Hear the Recreated Voice of Ötzi the Iceman
Using CT scans of the Neolithic man’s vocal tract, Italian researchers have approximated the way he pronounced his vowels
Since German tourists discovered Ötzi the Iceman’s mummified corpse while hiking in the Alps in South Tyrol, Italy, 25 years ago, he’s become one of the most studied people ever to live on earth. Researchers have sussed out what he ate, examined his DNA, studied his tattoos, his health history, determined that he was likely murdered, reconstructed his face and body and even figured out what type of leather he made his clothes and equipment out of.

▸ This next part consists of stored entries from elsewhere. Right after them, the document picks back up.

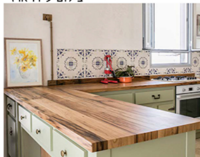
צילום דוינה זגורי

מעצבים ואדריכלים שעובדים עם הסטודיו יודעים כי חומר הגלם הוא שותף נכבד בתהליך העיצוב ויש לו מה להגיד. ועוד מעניין לדעת כי עקב העובדה שבשייקל יוצרים עם עץ בשימוש חוזר, יש הנהגים לחשוב שהעיצוב היוצא מאכן הוא כפרי, בעוד שלמעשה, הסגנון המובהק הוא תעשייתי עם נגיעות כפריות ואף מודרניות. הרהיטים והמטבחים בסגנון זה מקבלים התייחסות של Costume Made, כאשר בשייקל נותנים כבוד לחזית המטבח ומתייחסים אליה כאל תמונה כוללת. המטבח מציג חזית עצומה, שלרוב פונה לעבר החלל הציבורי. "בעינינו, המטבח הוא פלטפורמה אדירה ליצירה אינסופית עם המון חומרים שונים ומגוונים. מטבח הוא לב הבית, פולחן המשפחה. ואכן לא מפליא שהלקוחות שלנו מחפשים מטבח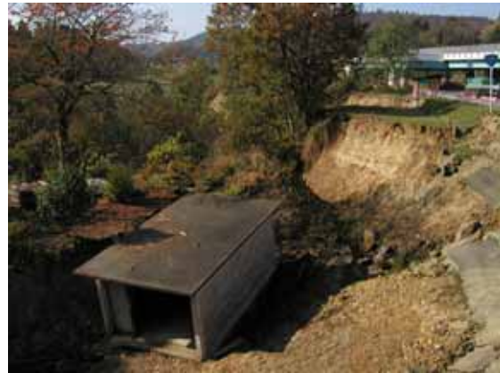
写真 2 塩殿 A での斜面崩壊(全体像：拡大)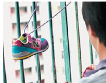
最佳戲劇 (非動畫) 及最佳演繹隊伍《我的鞋子》

Now scientists have put a voice to the face. A team of researchers in Italy announced at a conference recently that they have succeeded in approximating Ötzi’s voice, or at least the tone of it. According to Rossella Lorenzi at Discovery News, Rolando Füstös, chief of the ENT department at Bolzano General Hospital, the city which is home to Ötzi and the museum dedicated to him, used a CT scan to measure the iceman’s vocal tract and synthesized the sounds it would have made.
As Michael Day points out at The Independent, Ötzi did not make the project easy. Because the mummy is so fragile, the team was unable to use a more detailed MRI scanner because it was too dangerous to move the body. The second difficulty was Ötzi’s final resting position. The mummy has an arm covering his throat, and his tongue bone was partially absorbed and out of place.
Lorenzi reports the team used special software that allowed them to reposition the mummy virtually and reconstruct the bone that supports the tongue. The team then used mathematical models and software to recreate the sound produced by Ötzi’s vocal tract.
The sound produced is not Ötzi’s true voice since the researchers do not know the tension of his vocal cords or the effects the now-missing soft-tissues in his vocal tract would have produced.
“Obviously we don’t know what language he spoke back then, but we will, I think, be able to reproduce the colour or timbre of his vowel sounds and show how they might be different in the way that Sicilians or people from London, say, pronounce the letter ‘a’ differently,” Dr Füstös told Day when the start of the project was announced.
The final synthesized vowel sounds produced by the vocal tract are between 100 and 150 Hz, which is typical for a modern male human. The sound of Ötzi’s vowels, released in a video, sound rough and gravelly, like a heavy smoker, though tobacco didn’t make it to Eurasia until some 3,800 years after Ötzi's death.